Patients who received higher dose PEG IFN had a significantly higher SVR rate (54%) than the other 2 treatment groups, which were each 47% (P = .01).

Genotype 1 patients demonstrated an SVR rate of 42% when treated with higher dose PEG IFN, vs SVR rates of 34% and 33% in the lower dose PEG IFN and standard IFN groups, respectively. Genotype 2 and 3 patients achieved SVR rates of approximately 80% in all 3 treatment groups (Figure 5).

Figure 5. Sustained Virologic Response by HCV Genotype.

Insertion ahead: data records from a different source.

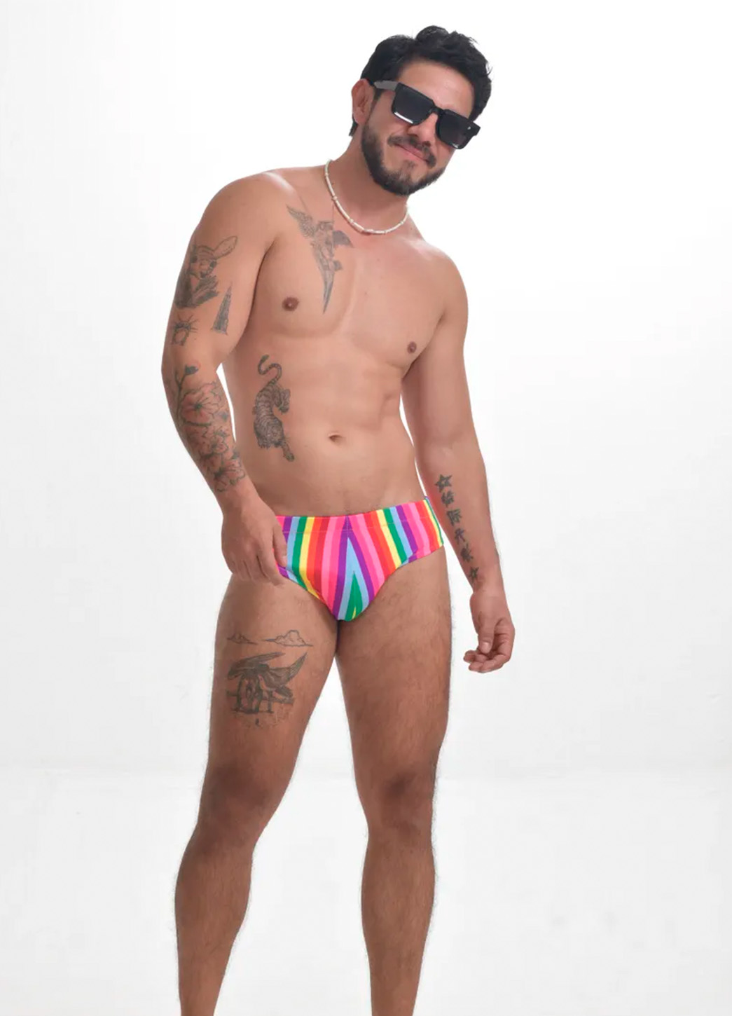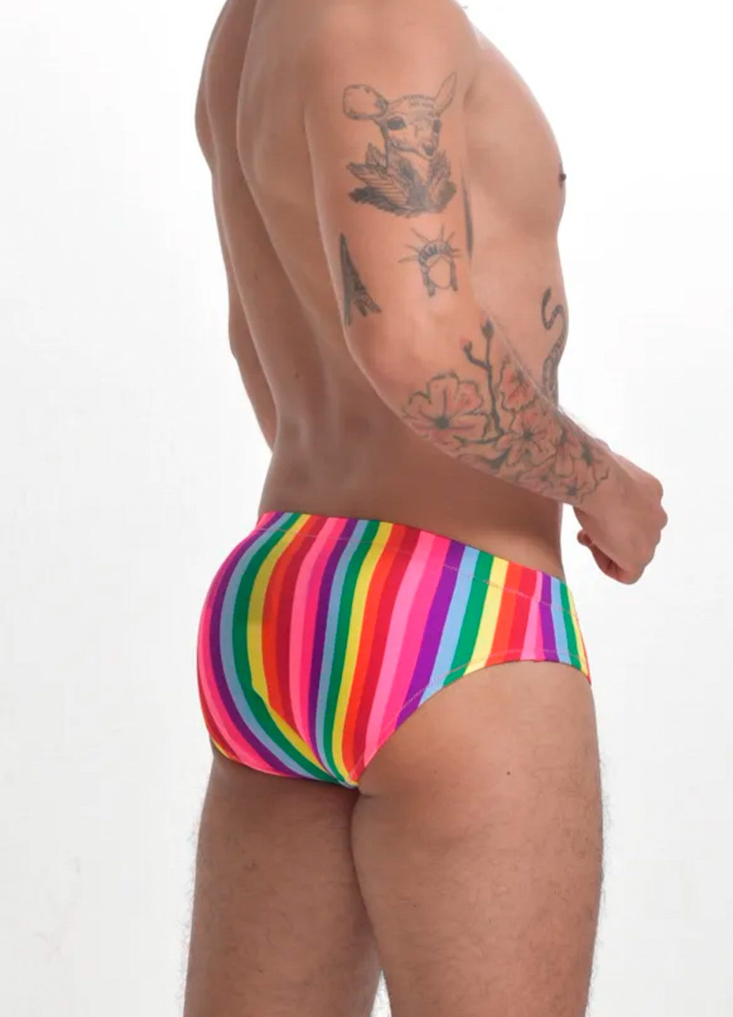 Este bañador tipo brief presenta un diseño llamativo con franjas verticales multicolor que aportan fuerza visual y una identidad clara. Su corte es anatómico y ajustado, ofreciendo un calce cómodo que se adapta al cuerpo de forma natural, brindando soporte y libertad de movimiento.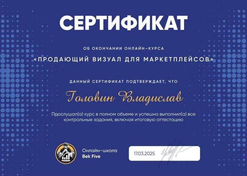 - Онлайн-школа Bek Five, курс «Продающий визуал маркетплейсов», 2025 г.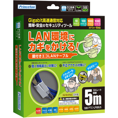 頭に鍵がついたLANケーブルです。ハブやPCに接続し、付属の鍵で施錠すれば、不正な脱着を防止することが可能。 個人情報漏えい対策や、不正アクセス対策に効果を発揮します。また16ポートや24ポートHUBにも対応可能、環境に配慮しエコ素材を使用し、Gigabit環境にも対応できる、CAT6ケーブル採用しました。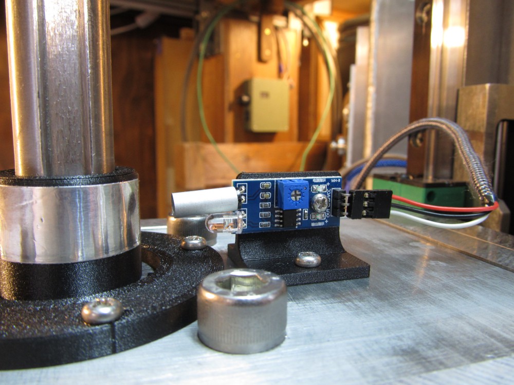 フォトダイオードにアルミの筒がかぶっていますが、あった方が外部からの他の光に邪魔されないのか感度調整がしやすかったので付けています。なくても動作はします。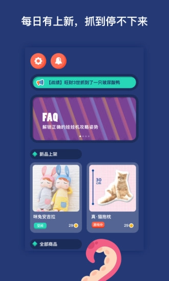 这款应用准备了各式各样的玩偶供大家挑选,不同类型的玩偶都能自由抓取,让你足不出户就能体验抓娃娃的乐趣。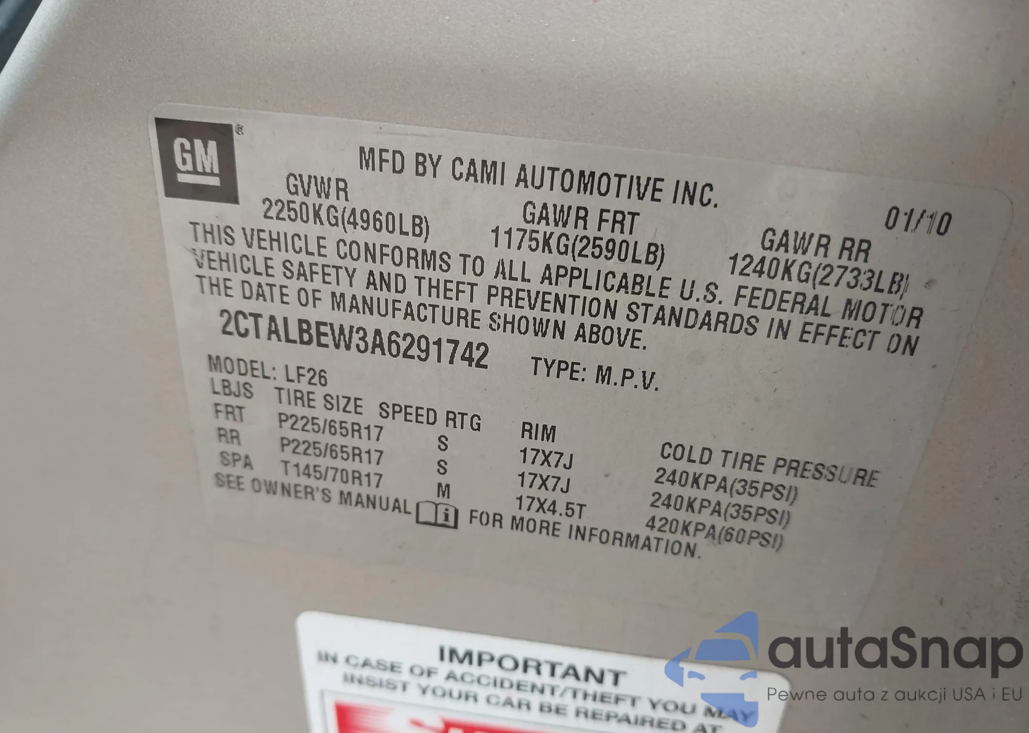 LOT: 42231927 VIN: 1FAHP3FN6AW284998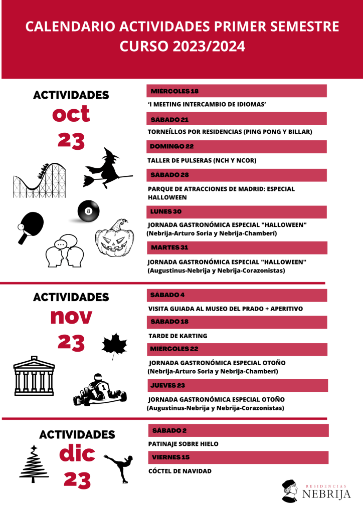 Ahora que ya ha arrancado el curso, y tras el entusiasmo con el que habéis participado en las actividades de bienvenida de septiembre, os presentamos el calendario de actividades programadas para este primer semestre.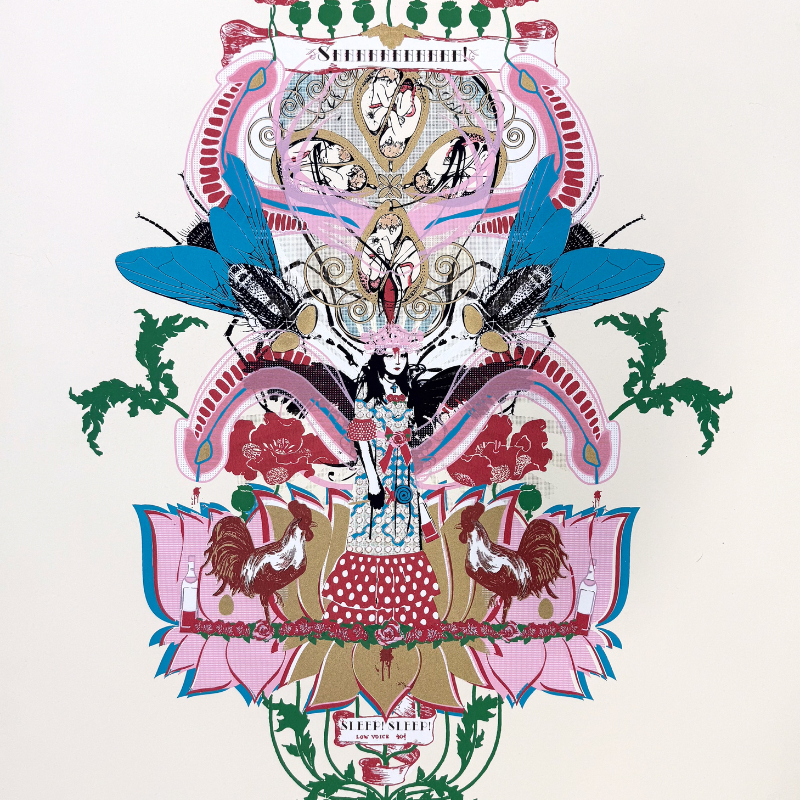 Her practice thrives on contradiction: vivid yet hallucinatory, empathetic yet dark, rooted in tradition yet breaking it apart. Each piece invites complicity from the viewer—an open-ended question rather than a closed statement.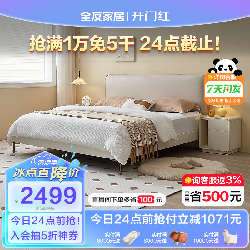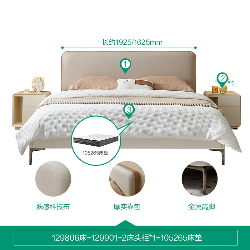全友家居 科技布软包床简约现代奶油风主卧室床1.8米双人大床129806价格:3570.00元!

In addition, Manns and coworkers found that SVR was higher among patients who received more RBV per day, expressed as the number of milligrams per kilogram of body weight per day. In a subset analysis, they found that the SVR was higher among patients who received more than 10.6 mg/kg of RBV daily (~800 mg for a 70 kg person) (Figure 6).

Figure 6. Sustained Virologic Response by Treatment Regimen and Ribavirin Dose.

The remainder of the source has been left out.